In addition, terms such as “first” and “second” may be used to describe various components, but the components are not limited by the terms, and these terms are only used for the purpose of distinguishing one component from another.

FIG. 1A is a schematic cross-sectional view of a ceramic susceptor 100 according to a first embodiment of the present disclosure.

FIG. 1B is a schematic cross-sectional view of a ceramic susceptor 200 according to a second embodiment of the present disclosure.

Referring to FIGS. 1A and 1B, the ceramic susceptor 200 according to the second embodiment is mostly the same as the ceramic susceptor 100 according to the first embodiment, but further includes a first through flow path 136-1 that penetrates between a top surface 119 of an insulating plate 110 and a bottom surface 129 of a base body 120. The first through flow path 136-1 provides a chuck hole 91 for vacuum pumping on the top surface of the insulating plate 110, and a substrate 11 placed on the insulating plate 110 may be adsorbed and supported through the chuck hole 91.

FIG. 1C is a schematic cross-sectional view of a ceramic susceptor 300 according to a third embodiment of the present disclosure.

Referring to FIG. 1C, the ceramic susceptor 300 according to the third embodiment of the present disclosure is a modification of the ceramic susceptor 200 according to the second embodiment, where an electrode 112 is omitted, while the remaining components are the same as those of the ceramic susceptor 200 of the second embodiment.

That is, the (ceramic) susceptors 100, 200, and 300 of the present disclosure each include an insulating plate 110 and a base body 120 that are bonded using an adhesive such as ceramic paste, and under the bonded body of the insulating plate 110 and the base body 120, a hollow shaft 130 bonded using an adhesive such as ceramic paste to support the bonded body is included. In some cases, a connection mount 140 may be used at the lower portion of the shaft 130 to facilitate connection to a system, such as a chamber of a semiconductor apparatus.

Individual rods 131, 132, and so on may be accommodated in the internal space of the shaft 130 and may be connected to an electrode 112 and/or the heating element 114 embedded in the insulating plate 110 to supply necessary power. The individual rods 131, 132, and so on may extend from the internal space of the shaft 130 through the connection mount 140, which is sealed on the outside (e.g., a rigid body or a member having a hollow space), and protrude outside.

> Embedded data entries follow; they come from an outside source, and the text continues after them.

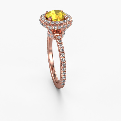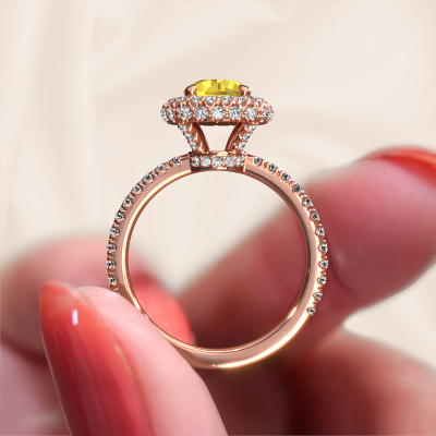 The ring shown above is called the Talitha RND. We call this type of ring a halo ring because it has one centre gemstone and a band that is also pave set with gemstones. The 14 Carat rose gold engagement ring is set with a round 6.5 mm yellow sapphire centre stone and the band is pave set with lab-grown diamonds. What makes this exclusive rose gold halo ring special are the smaller sized stones embracing the centre stone. This gorgeous engagement ring is called a halo ring because the smaller gemstones give the centre stone a halo of surrounding light. In order for the smaller stones to enhance the centre stone, they have to be placed so there is no interference of light. And that's when our expert goldsmiths come in. Each individual stone is carefully set in the ring by hand. During manufacturing, light fall is constantly monitored to make sure the special halo is still visible. In the end you get a unique engagement ring, with a yellow sapphire of your choosing at its centre. You can imagine the effect of a ring of such significance when you give it to her on her special day to shine. Are you on a budget? Please feel free to contact us, so we can go discuss your options. We offer our engagement rings at guaranteed best price, because we make them to order. You won't find such a price anywhere else!Our team adds new designs to our online collection daily. Our designers and goldsmiths work together in creating the best design. We strive to offer a diverse collection of jewels. Perhaps you have a specific jewel design in mind. One you came across somewhere. Please contact us for a free consultation. We will make you an offer, based on a fair price/ quality ratio, that will baffle you.To make it easier for you, we offer a 30 day return policy. Check our terms and conditions.
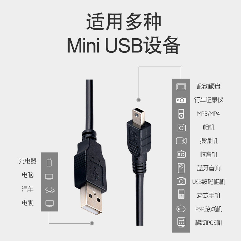 Mini usb data cable T-port MP3 adapter MP4 connection universal mobile hard disk universal pos download line
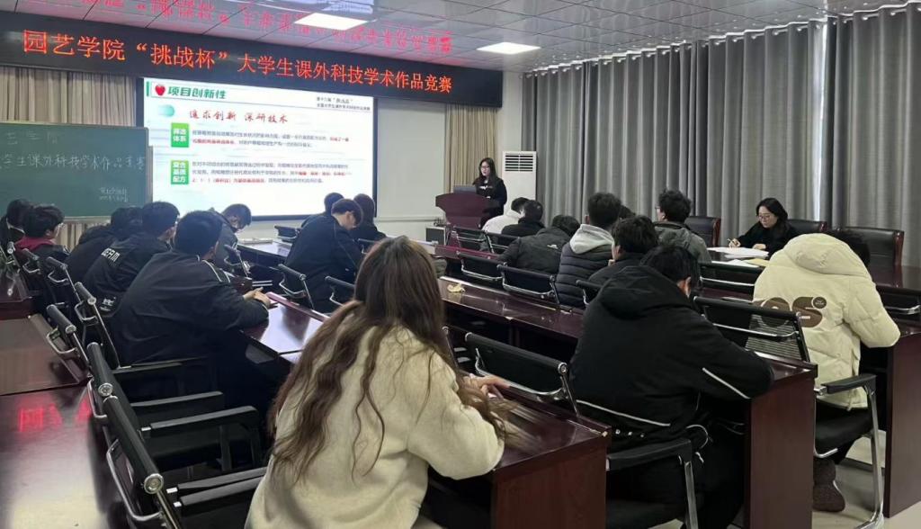 2025年3月10日,园艺学院在实验楼2A322举办“挑战杯”院级选拔赛。本次比赛以“创新驱动未来,科技引领发展”为主题,展示了大学生在科技创新领域的卓越成果。比赛选任学院经验丰富的专业课教师担任评委,由党委副书记孙琳苒主持。
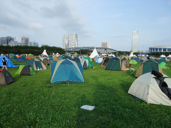 千葉マリンスタジアム、幕張メッセ両方が見えるキャンプサイト。
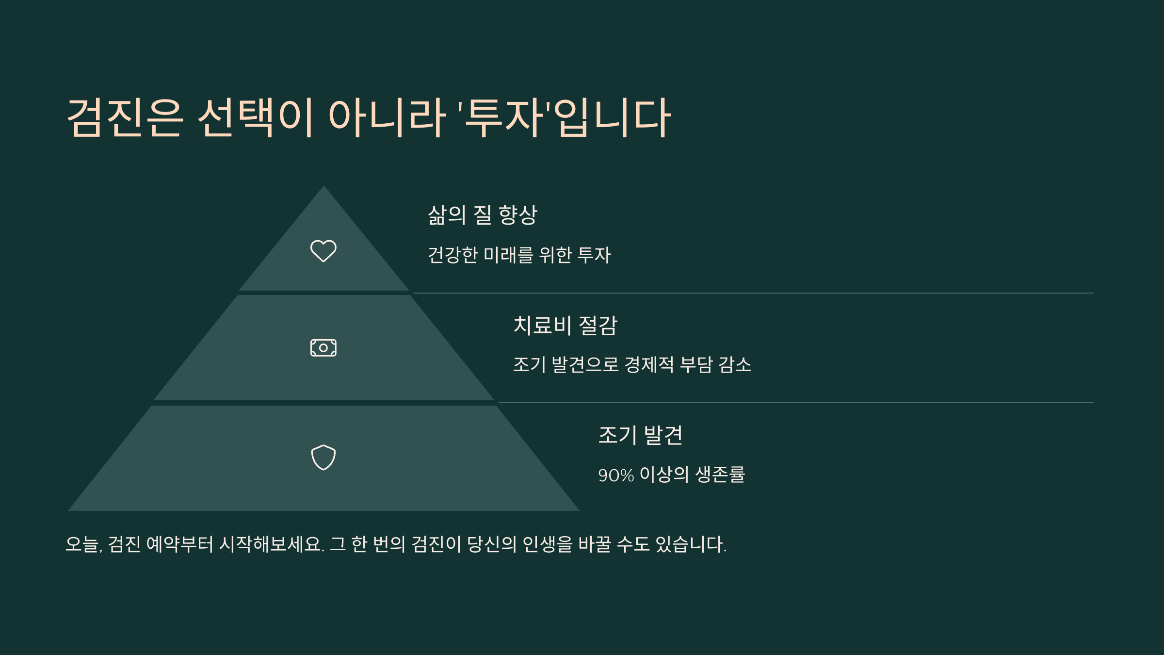 오늘, 검진 예약부터 시작해 보세요. 그 한 번의 검진이 당신의 인생을 바꿀 수도 있습니다.

The ceramic susceptors 100, 200, and 300 of the present disclosure may each have a heater function to heat a processing target substrate 11 to a predetermined temperature during a semiconductor process using the heating element 114. In addition, the ceramic susceptors 100 and 200 of the present disclosure may each include an electrode 112, which may be used as a chuck electrode for the electrostatic chuck function to support a substrate 11 placed on the insulating plate 110, or as a plasma electrode for plasma generation in a process such as plasma-enhanced chemical vapor deposition (PECVD) or dry etching in a reactive ion etching (RIE) apparatus. This is a separate function from the vacuum chuck function that supports the substrate 11 through vacuum pumping via the chuck hole 91.

To achieve this, the insulating plate 110 is configured to have the heating element 114 disposed (embedded) between ceramic materials, and in some cases, the electrode 112 may also be disposed (embedded) at a predetermined distance from the heating element 114. In some cases, chuck electrode(s) may be further disposed (embedded) above or below the heating element 114 at a predetermined distance.

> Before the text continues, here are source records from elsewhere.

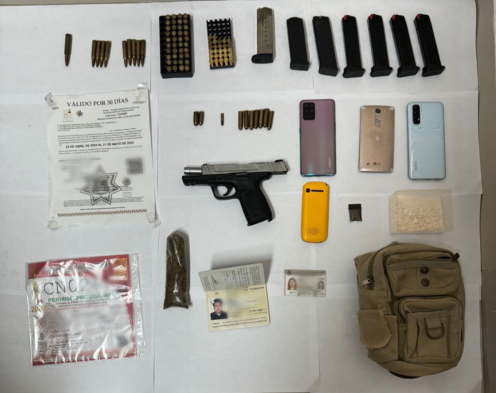Como resultado de lo anterior, fueron detenidas Key Guadalupe “N” y Selma Selenia “N”, quienes viajaban a bordo del vehículo marca Peugeot, a estas femeninas les fueron asegurados posibles narcóticos. Al continuar con las pesquisas fue desplegada otra acción operativa, está en la colonia Atlacomulco también en Nezahualcóyotl, donde fueron detenidos Sergio César “N” y Javier “N”, sujetos a los que les fue asegurado un vehículo marca Nissan, tipo Tsuru y una motocicleta marca Italika, así como dos permisos provisionales de circulación del Estado de Guerrero de los que se investiga su legitimidad, además de dosis de narcóticos, un arma de fuego corta, seis cargadores de arma de fuego y 87 cartuchos de diversos calibres.
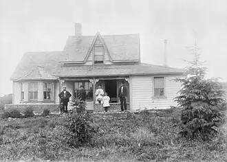 Additions to the small home were largely made as needed and as finances allowed. Stephansson, although well known for his poetic works later in life, was not wealthy and made a meagre income as a farmer, supplemented by other temporary employment. The first major addition was made in 1893, following the birth of Stephansson and Helga's sixth child, a son named Gestur. His birth prompted the construction of several additional rooms to the small log home which was becoming increasingly cramped. Two rooms on the north side of the home for Stephansson's mother Guðbjörg and daughters Stephaný and Jóný were added, alongside a study, a front room, and a sleeping quarters upstairs for the boys.[9][10] The home was further enlarged over the course of 1898, with a new kitchen complete with a pantry being added to the eastern side of the home. A new bedroom for Stephaný and Jóný was added on the south side, allowing the two rooms on the north side to be occupied solely by Guðbjörg.[11] These additions required the constriction of a completely new roof, and it was at this time Stephansson also added a veranda and bay window.[10]
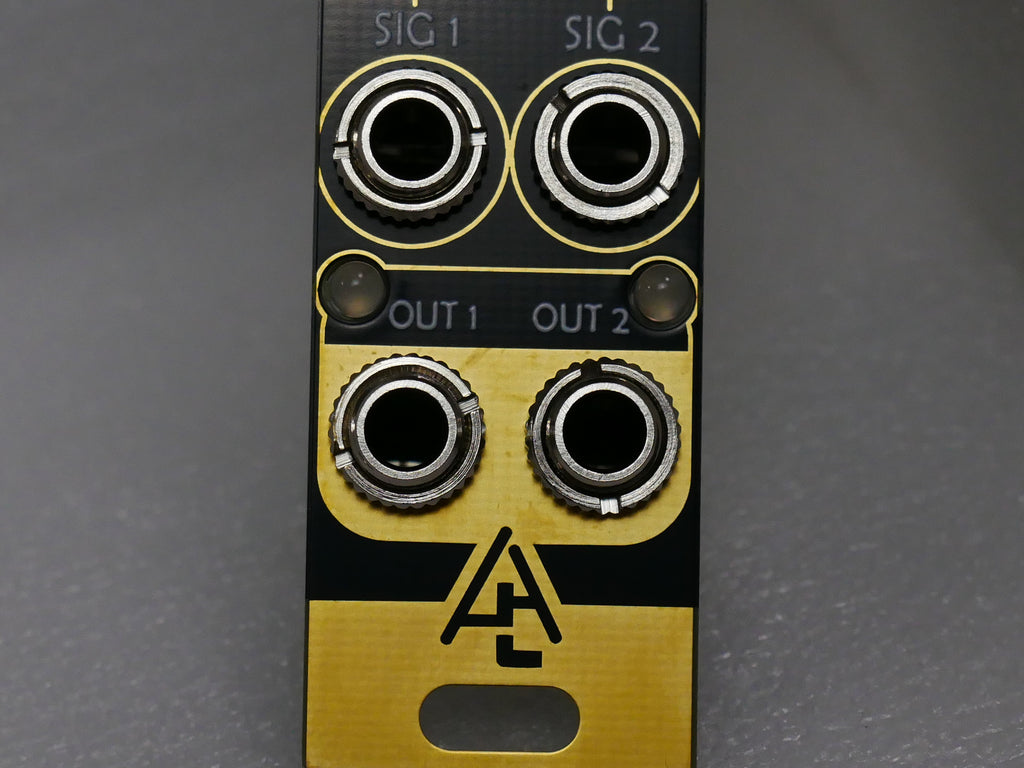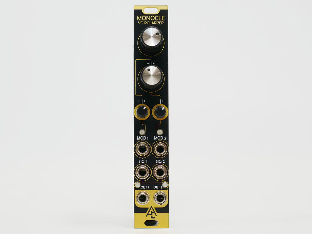 入力した電圧を増幅、減衰させたり、位相を反転して出力したりできるポラライザー・モジュールです。オーディオレートの信号を入力すればリングモジュレーターとしても使用できます。

As described above, the insulating plate 110 may be configured to support a processing target substrate stably, while enabling various semiconductor processes through heating using the heating element 114 and/or providing an electrostatic chuck function, a plasma generation function or the like using the electrode 112. The insulating plate 110 may be a plate-like structure having a predetermined shape. For example, the insulating plate 110 may be a circular plate-like structure, but is not necessarily limited thereto. Here, the ceramic material may be at least one of Al₂O₃, Y₂O₃, Al₂O₃/Y₂O₃, ZrO₂, autoclaved lightweight concrete (AlC), TiN, AlN, TiC, MgO, CaO, CeO₂, TiO₂, B_xC_y, BN, SiO₂, SiC, YAG, mullite, and AlF₃, preferably aluminum nitride (AlN). Furthermore, the powder of the ceramic material may be molded and sintered to provide the insulating plate 110, and each ceramic powder for this purpose may optionally contain about 0.1 to 10%, preferably about 1 to 5% of yttrium oxide powder.

In addition, the heating element 114 may have a plate-shaped coil shape or a flat plate shape with a heating wire (or a resistance wire). In addition, the heating element 114 may be fabricated in a multi-layer structure for precise temperature control. The heating element 114 is connected to a power source via the power supply rods 131 and 132, and power is supplied to perform the function of heating the processing target substrate 11 on the insulating plate 110 to a predetermined temperature for a process such as substrate heating, deposition, or etching in a semiconductor process. The power supply rods 131 and 132 pass through the internal space of the shaft 130, penetrate a predetermined isolation plate of the mount 140, and extend outward through the mount 140.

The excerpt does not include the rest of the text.